### EXERCISE AIM:
For the records below, please print exactly and only the lines from the one with "Çocuk Sahne’de ise" down to the one with "Den fantastiskt fina", both ends included, omitting the pictures.

### EXTRACTED DATA:
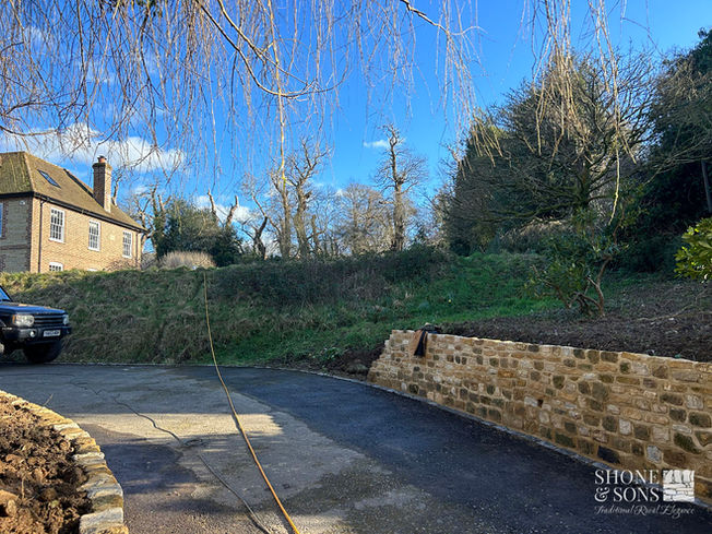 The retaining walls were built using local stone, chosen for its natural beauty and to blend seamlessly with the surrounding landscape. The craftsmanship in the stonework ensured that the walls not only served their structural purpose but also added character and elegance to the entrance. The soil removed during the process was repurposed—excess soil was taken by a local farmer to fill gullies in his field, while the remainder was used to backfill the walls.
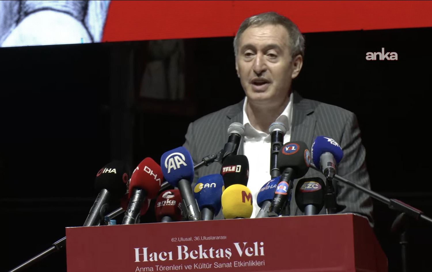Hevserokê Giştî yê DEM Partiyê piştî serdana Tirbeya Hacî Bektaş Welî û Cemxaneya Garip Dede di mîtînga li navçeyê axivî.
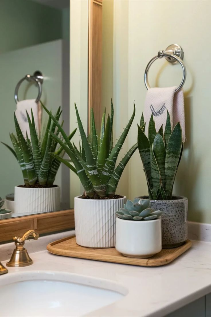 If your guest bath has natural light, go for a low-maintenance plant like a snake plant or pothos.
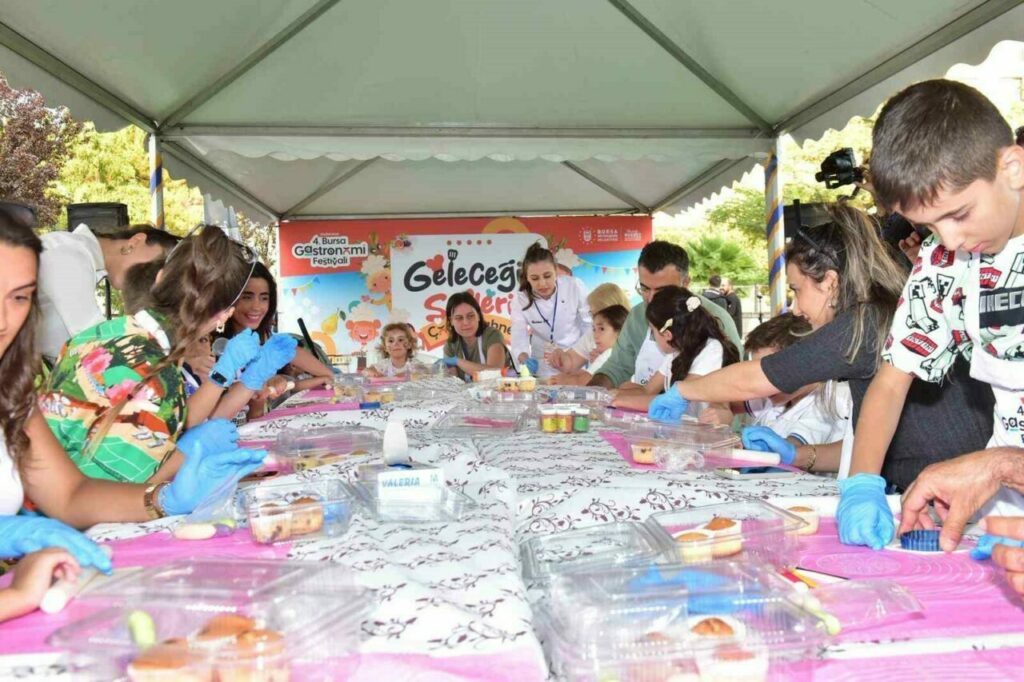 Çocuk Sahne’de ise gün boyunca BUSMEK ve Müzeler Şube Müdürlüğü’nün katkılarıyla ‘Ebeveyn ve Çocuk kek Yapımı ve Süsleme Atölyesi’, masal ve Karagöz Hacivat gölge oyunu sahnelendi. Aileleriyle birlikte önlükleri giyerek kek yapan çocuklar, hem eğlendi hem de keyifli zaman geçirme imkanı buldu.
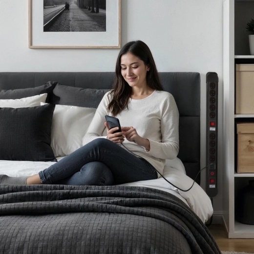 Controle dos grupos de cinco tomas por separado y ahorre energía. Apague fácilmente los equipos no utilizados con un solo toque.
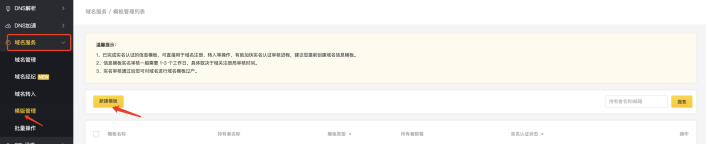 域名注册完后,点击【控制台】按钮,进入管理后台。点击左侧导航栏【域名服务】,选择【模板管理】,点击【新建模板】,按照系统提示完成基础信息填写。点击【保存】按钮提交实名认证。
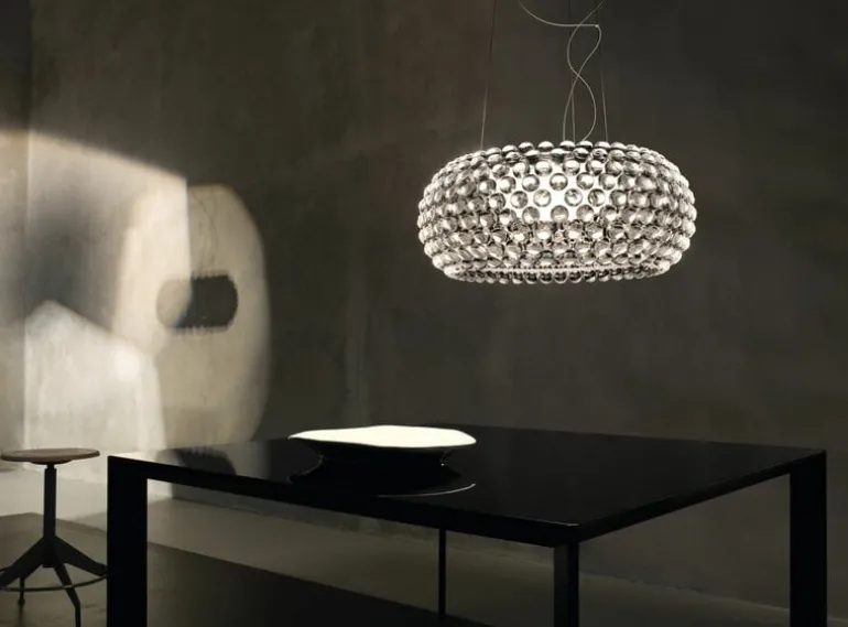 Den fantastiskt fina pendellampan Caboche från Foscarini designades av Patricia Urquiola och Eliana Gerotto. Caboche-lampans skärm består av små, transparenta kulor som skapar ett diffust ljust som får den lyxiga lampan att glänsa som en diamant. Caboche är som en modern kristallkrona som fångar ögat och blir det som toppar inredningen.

==

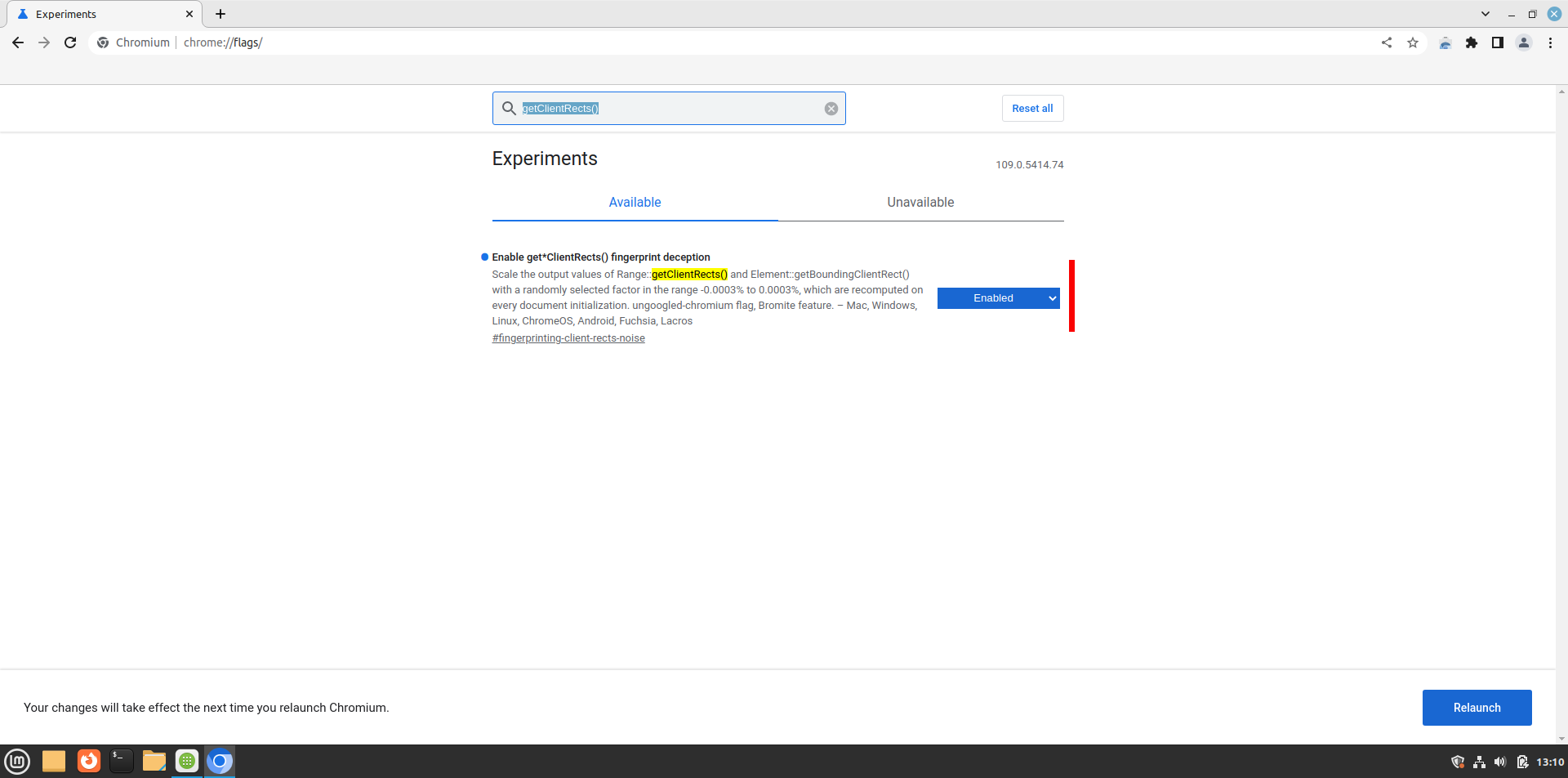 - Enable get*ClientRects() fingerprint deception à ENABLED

--

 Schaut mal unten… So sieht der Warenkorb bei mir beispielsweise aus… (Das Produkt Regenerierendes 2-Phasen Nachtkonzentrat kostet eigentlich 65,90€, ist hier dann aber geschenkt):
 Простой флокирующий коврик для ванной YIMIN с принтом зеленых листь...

### WRITTEN REPLY:
 Çocuk Sahne’de ise gün boyunca BUSMEK ve Müzeler Şube Müdürlüğü’nün katkılarıyla ‘Ebeveyn ve Çocuk kek Yapımı ve Süsleme Atölyesi’, masal ve Karagöz Hacivat gölge oyunu sahnelendi. Aileleriyle birlikte önlükleri giyerek kek yapan çocuklar, hem eğlendi hem de keyifli zaman geçirme imkanı buldu.
 Controle dos grupos de cinco tomas por separado y ahorre energía. Apague fácilmente los equipos no utilizados con un solo toque.
 域名注册完后,点击【控制台】按钮,进入管理后台。点击左侧导航栏【域名服务】,选择【模板管理】,点击【新建模板】,按照系统提示完成基础信息填写。点击【保存】按钮提交实名认证。
 Den fantastiskt fina pendellampan Caboche från Foscarini designades av Patricia Urquiola och Eliana Gerotto. Caboche-lampans skärm består av små, transparenta kulor som skapar ett diffust ljust som får den lyxiga lampan att glänsa som en diamant. Caboche är som en modern kristallkrona som fångar ögat och blir det som toppar inredningen.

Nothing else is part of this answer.